I am shocked with the recent news that OpenAI is trying to get the iris images of humans in their Worldcoin effort. The internet is becoming a prison and one better stays away.

Regards, Dieter
 

Online radiolistener

  • Super Contributor
  • ***
  • Posts: 4259
  • Country: 00
Re: Google wants to kill the (free) internet
« Reply #8 on: July 29, 2023, 03:36:39 pm »
We have a fundamental human right to use our own choice of OS and other software stack elements on our own devices

The issue here is that you don't manufacture your own devices. You're buying it from corporation, which can set condition for its usage, for example you're needs to be slave in order to buy and use it.

I am shocked with the recent news that OpenAI is trying to get the iris images of humans in their Worldcoin effort. The internet is becoming a prison and one better stays away.

« Last Edit: July 29, 2023, 03:46:12 pm by radiolistener »
 

Offline SiliconWizard

  • Super Contributor
  • ***
  • Posts: 16130
  • Country: fr
Re: Google wants to kill the (free) internet
« Reply #9 on: July 29, 2023, 08:34:25 pm »
We have a fundamental human right to use our own choice of OS and other software stack elements on our own devices,

I think we should too, but do we? What is there to ensure that?

"my home is my castle" damn well applies to hard-drives too.

Makes sense, but I unfortunately think our homes are not our castles anymore. Privacy and basic freedoms suspiciously look like things of the past.

I think we could also say that it is a human rights violation for a corporation to refuse to regard you as human and refuse you service simply because you couln't "prove humanity" by theirarbtirary standards.

Yeah. But even governments are progressively doing this. If we don't want it to happen, that's going to require a serious wake-up call.

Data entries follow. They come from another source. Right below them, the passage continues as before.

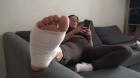 (English) Carolina struggles up multiple staircases on her bad foot, her toes sticking out of her cast shoe as she visits the doctor's office for a checkup of her sprain. As she rubs her exposed foot in the waiting room Dorothy is struggling up the stairs in the same half shoe for her appointment. When she gets to the waiting room both women are surprised to see they are stuck in the same footwear as they compare their sprained feet. When Dorothy touches Carolina's foot she winces and they both decide to help each other out by massaging each others feet in their half shoes. An excellent must see foot massage clip.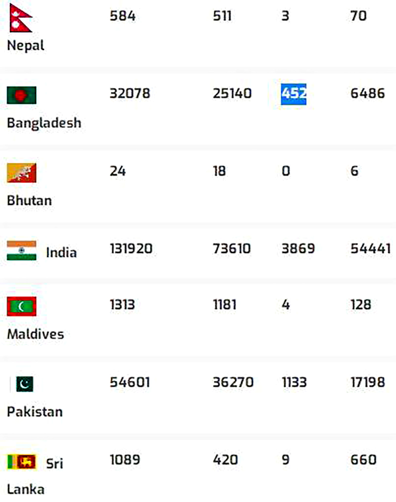 यसैगरी पाकिस्तानमा १ हजार १ सय ३३ जना, बंगलादेशमा ४ सय ५२, भुटानमा शून्य, माल्दिभ्समा ४ र श्रीलंकामा ९ जनाले कोरोनाका कारण ज्यान गुमाएका छन्।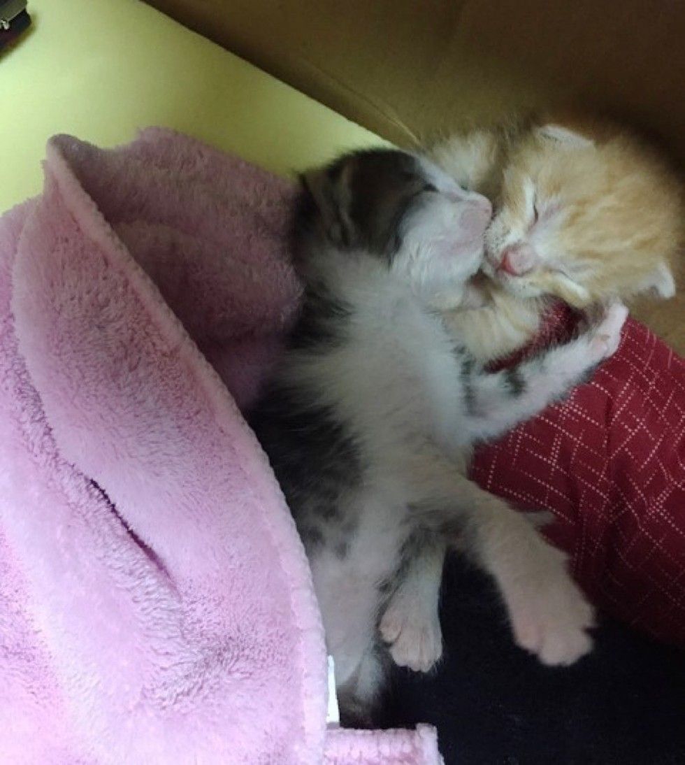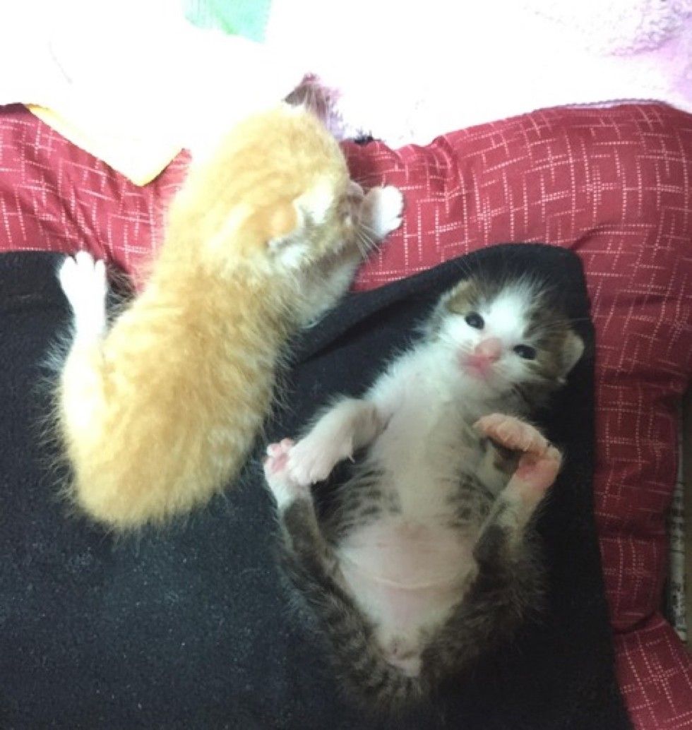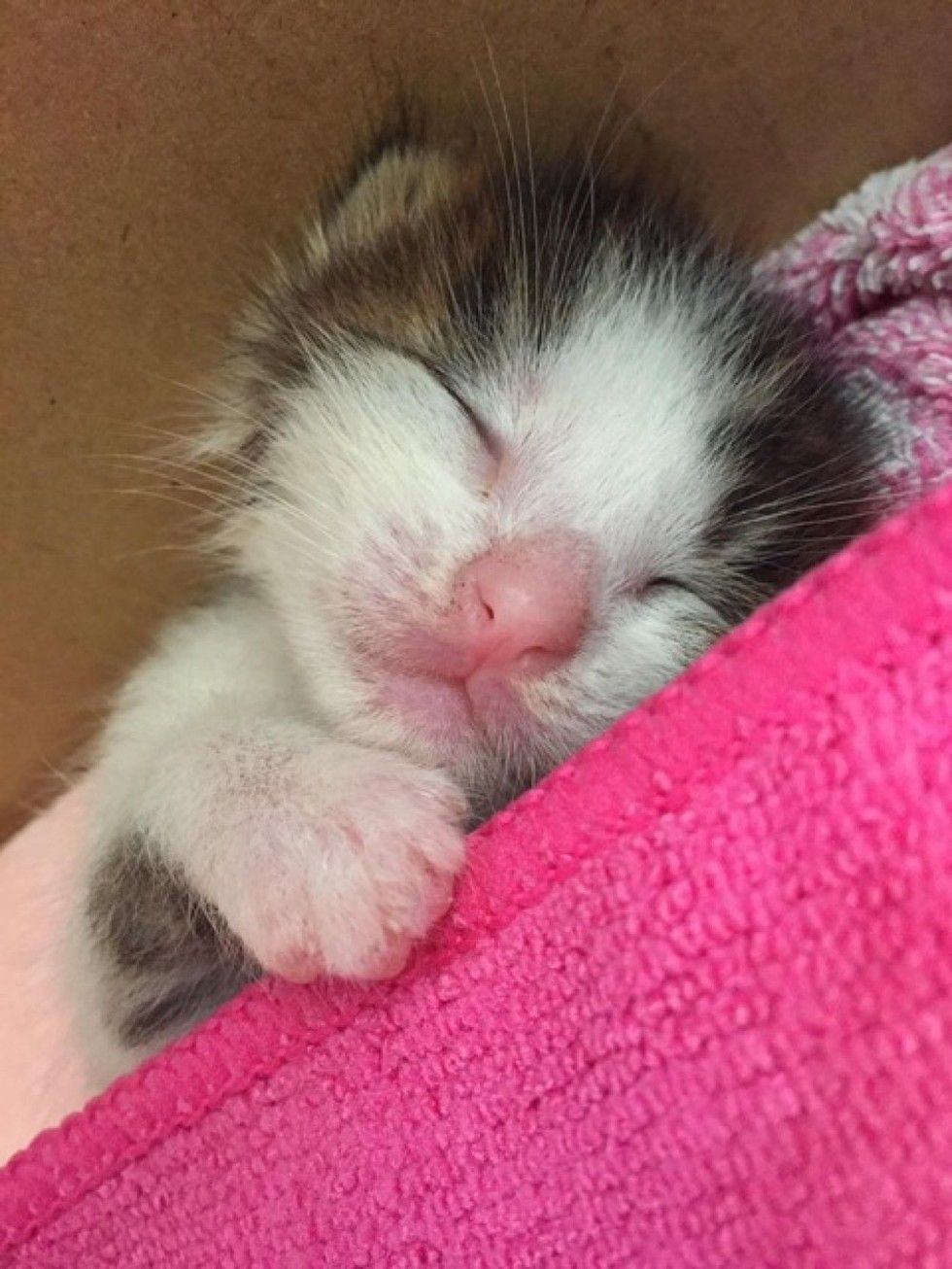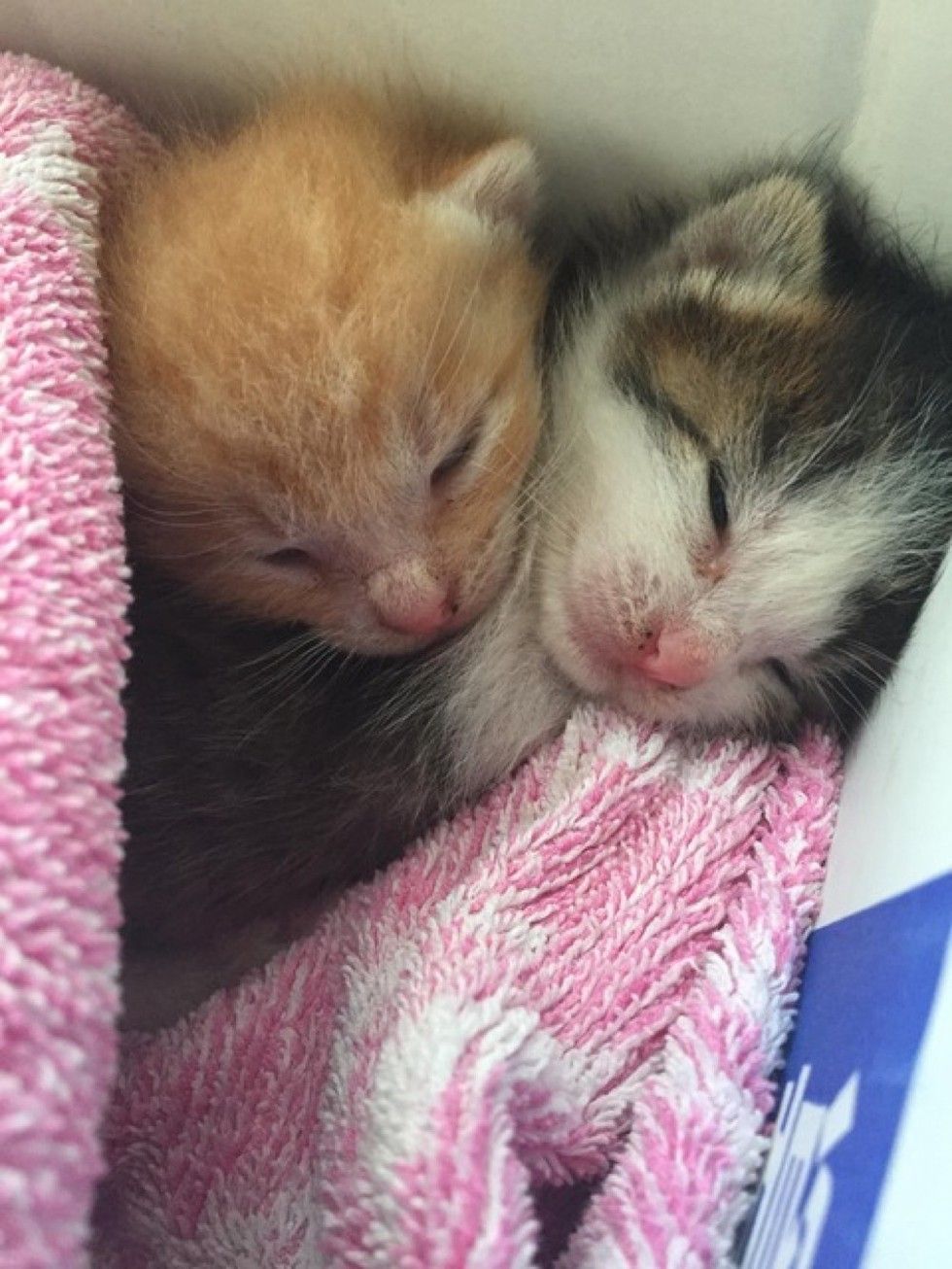 Last August, two tiny kittens were rescued just the day before a typhoon.
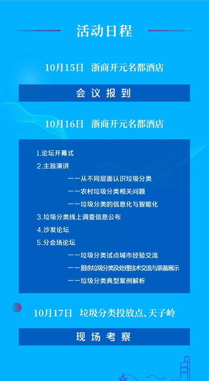 文章導(dǎo)讀中國城市環(huán)境衛(wèi)生協(xié)會(huì)垃圾分類專業(yè)委員會(huì)舉辦的“2020 垃圾分類杭州高峰論壇”,將于2020 年 10 月 15 日—17 日在杭州舉行。會(huì)議以“找差距、補(bǔ)短板,強(qiáng)化垃圾分類全過程管理”為主題,將薈萃全國環(huán)衛(wèi)領(lǐng)域精英,包括中國城市環(huán)境衛(wèi)生協(xié)會(huì)會(huì)長(zhǎng)徐文龍、中國城市環(huán)境衛(wèi)生協(xié)會(huì)秘書長(zhǎng)劉晶昊、中國...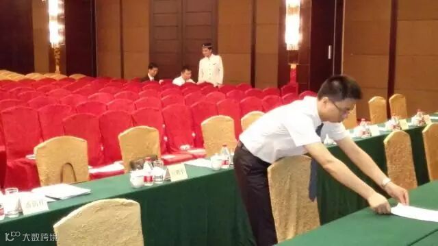工作人员有的紧张有序地打扫卫生,保证会场每个角落干净整洁。有的进行会议摆台,注意每一个细节。有的对会场细节做复核检查。

Otherwise we're already doomed.
Google is just one tiny tip of the iceberg.
 

Online radiolistener

  • Super Contributor
  • ***
  • Posts: 4259
  • Country: 00
Re: Google wants to kill the (free) internet
« Reply #10 on: July 31, 2023, 10:49:36 am »
If we don't want it to happen, that's going to require a serious wake-up call. Otherwise we're already doomed.

it's too late... Now there is no way to wake-up for those who haven't woken up yet...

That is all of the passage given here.